Pode-se se constatar, portanto, de um lado, um efetivo processo de intelectualização do trabalho manual. De outro, e de sentido radicalmente inverso, uma desqualificação e mesmo subproletarização intensificadas, presentes no trabalho precário, informal, temporário, parcial, subcontratado etc. (ANTUNES, 1995, p. 54).

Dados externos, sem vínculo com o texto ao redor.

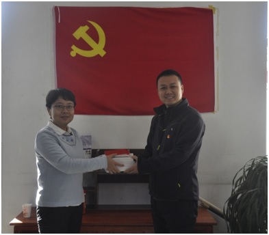 黨委委員、紀(jì)委書記毛寧向北京天儀建設(shè)工程質(zhì)量檢測所黨支部贈送學(xué)習(xí)資料。

Pode-se então dizer, que a tendência à intelectualização do trabalho manual, como afirma Antunes (1995), corresponde às exigências vindas da automação e, por sua vez, a citada (des)qualificação é contemplada pela lógica depreciativa da economia de mercado. Nesse sentido, é mais uma vez importante nos perguntarmos sobre os possíveis caminhos para a classe trabalhadora e para a sociedade de uma forma geral, pois se vê em curso a destituição de valores, a desarticulação dos movimentos trabalhistas, a individualização do proletariado e a perda de identidade de classe. Prosseguiremos, pois, com nossas investidas teóricas, no intuito de nos aproximarmos cada vez mais das características do fenômeno em pauta.